Materials and methods
Bone marrow collection
The protocol was approved by the Institutional Animal Care and Use Committee (IACUC), the Faculty of Veterinary Science, Chulalongkorn University. Bone marrow (BM) was collected from the healthy canine donors with the owners’ consents. BM was collected from ilium or femur (Kraus and Kirker-Head, 2006). Aseptic technique was employed throughout the procedures. BM aspiration was performed by using 18-gauge Jamshidi® bone marrow biopsy needles (BD, USA) assembled with 10 mL syringe containing heparin solution (2,500 IU heparin/1 mL bone marrow aspirate). The volume of the aspirated bone marrow was not exceeded 1 mL/kg body weight. The collected BM was kept in sterile bag, placed on ice, and immediately transported to the laboratory.
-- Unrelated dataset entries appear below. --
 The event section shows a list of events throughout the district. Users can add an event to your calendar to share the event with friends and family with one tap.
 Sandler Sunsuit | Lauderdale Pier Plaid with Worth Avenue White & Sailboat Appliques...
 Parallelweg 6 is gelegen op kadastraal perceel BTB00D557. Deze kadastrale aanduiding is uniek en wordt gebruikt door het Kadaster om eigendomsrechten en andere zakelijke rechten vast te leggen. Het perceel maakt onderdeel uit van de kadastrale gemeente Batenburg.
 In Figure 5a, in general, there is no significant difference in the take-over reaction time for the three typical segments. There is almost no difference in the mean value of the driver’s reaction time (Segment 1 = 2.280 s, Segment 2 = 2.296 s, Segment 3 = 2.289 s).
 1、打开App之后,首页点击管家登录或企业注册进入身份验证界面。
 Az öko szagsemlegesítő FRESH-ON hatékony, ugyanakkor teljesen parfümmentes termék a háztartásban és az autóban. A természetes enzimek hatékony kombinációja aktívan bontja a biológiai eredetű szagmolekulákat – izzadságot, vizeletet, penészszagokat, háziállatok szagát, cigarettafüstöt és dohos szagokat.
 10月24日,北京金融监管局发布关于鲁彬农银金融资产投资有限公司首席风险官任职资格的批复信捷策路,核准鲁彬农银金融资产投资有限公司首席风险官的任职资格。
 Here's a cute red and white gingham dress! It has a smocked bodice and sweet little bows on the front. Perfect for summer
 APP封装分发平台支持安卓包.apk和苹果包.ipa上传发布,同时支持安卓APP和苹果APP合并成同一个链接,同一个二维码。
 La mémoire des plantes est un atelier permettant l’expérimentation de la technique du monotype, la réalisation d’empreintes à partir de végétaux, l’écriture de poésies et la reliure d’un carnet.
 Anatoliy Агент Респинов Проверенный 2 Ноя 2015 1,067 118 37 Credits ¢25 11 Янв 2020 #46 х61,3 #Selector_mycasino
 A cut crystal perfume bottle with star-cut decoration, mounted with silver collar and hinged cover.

cBM-MSCs isolation, culture, and expansion
For cBM-MSCs isolation, the aspirated bone marrow was mixed with 10 mL Hank's Balanced Salt Solution (HBSS) (Thermo Fisher Scientific Corporation, USA) as a washing solution. After centrifugation at 300 rpm for 15 min, the supernatant, solution above the white ring layer lied over red blood cell, was gently discarded. The second wash with 20 mL HBSS was performed at 1,000 rpm for 15 min, and the supernatant was gently discarded. The pellet was gently resuspended with 10 mL Gibco™ Dulbecco's Modified Eagle Medium: Nutrient Mixture F-12 (DMEM/F-12) (Thermo Fisher Scientific Corporation, USA) supplemented with 10% fetal bovine serum (FBS) (Thermo Fisher Scientific Corporation, USA), 2 mM L-glutamine, and 1% Antibiotic-Antimycotic solution (Thermo Fisher Scientific Corporation, USA). Cells were seeded in T-75 Corning® treated tissue culture flasks (Corning, USA) containing pre-warmed culture medium and subsequently incubated under 5% CO2 and 95% air at 37°c condition. The culture medium, 10% FBS-DMEM/F12, was replaced every 48 h. Cells were subcultured once the confluence reached 80% using 0.25% trypsin-ethylenediaminetetraacetic acid (EDTA) (Thermo Fisher Scientific Corporation, USA). Cells in passage 2–5 were used for the experiments.
Proliferation assay
3-(4,5-dimethylthiazol-2-yl)- 2,5-diphenyltetrazolium bromide (MTT) assay was used to assess the cell proliferation at day 1, 5, and 7. To explore the proliferative effects of simvastatin, cells were starved with serum free (SF)-DMEM/F12 for 3 h and then maintained in 2% FBS-DMEM/F12 supplemented with 4 simvastatin doses (0.1, 1, 10, and 100 nM). The medium was routinely changed every 48 h. At day 1, 5, and 7 post-treatment, MTT assay was performed according to the following protocol. Briefly, cells were gently washed with 500 μL pre-warmed phosphate buffer saline (PBS) solution per well, and then incubated with 300 μL 0.5 mg/mL MTT solution under 5% CO2 and 95% air at 37 °C condition for 15 min. After discarding the MTT solution, 1 mL of glycine buffered-dimethylsulfoxide (DMSO) solution was added for elution. The optical density was measured at 570 nm wavelength (Riss et al., 2013). The data were presented as a relative proliferation normalized with untreated control group.
Gene expression analysis
For the analysis of gene expression profiles, reverse transcription-quantitative polymerase chain reaction (RT-qPCR) was used. At 48 h post-treatment, the mRNA expressions of simvastatin-treated cells were analyzed according the following protocols. Briefly, total RNA was harvested by using TRIzol-RNA isolation reagent (Thermo Fisher Scientific Corporation, USA) and DirectZol-RNA isolation kit (ZymoResearch, USA) according to manufacturer's protocols. The obtained RNA products were converted to complementary DNA (cDNA) by using reverse transcriptase enzyme kit (Promega, USA). The relative mRNA expressions were normalized with reference gene, Glyceraldehyde 3-phosphate dehydrogenase (Gapdh), and with untreated control according to the following Formula: 2−ΔΔCt, where ΔΔCt = [Cttarget gene- CtGAPDH]treated - [Cttarget gene - CtGAPDH]control. Ct referred to cycle threshold. The amplification primers were summarized in Table 1.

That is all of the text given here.